Pictures are to be excluded. Please print only the lines from the one containing "桃園市復興區泰雅族合流部落永" through the end of the data, exactly as they appear.

Given material |
- - - - -
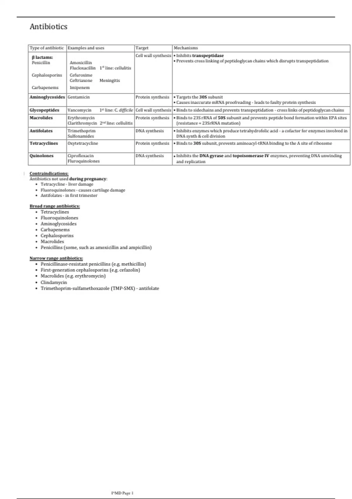 Concise summary on the different classes of antibiotics, the main examples of each, the drug target and mechanism of action. Also includes contraindications of certain types of antibiotics and examples of broad range and narrow range antibiotics
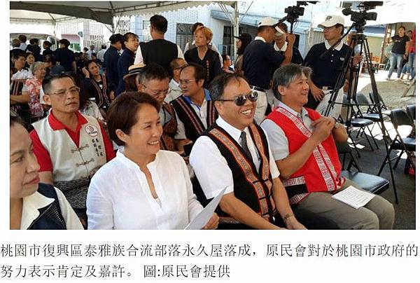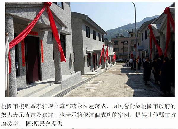 桃園市復興區泰雅族合流部落永久屋落成,原民會對於桃園市政府的努力表示肯定及嘉許,也表示將依這個成功的案例,提供其他縣市政府參考。 圖:原民會提供
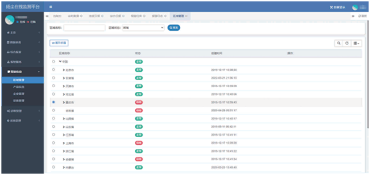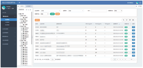 监测点数据表格化展示,支持多种方式排序,支持区域、监测点位等筛选,支持设备状态查看。
- - - - -
Exercise output |
 桃園市復興區泰雅族合流部落永久屋落成,原民會對於桃園市政府的努力表示肯定及嘉許,也表示將依這個成功的案例,提供其他縣市政府參考。 圖:原民會提供
 监测点数据表格化展示,支持多种方式排序,支持区域、监测点位等筛选,支持设备状态查看。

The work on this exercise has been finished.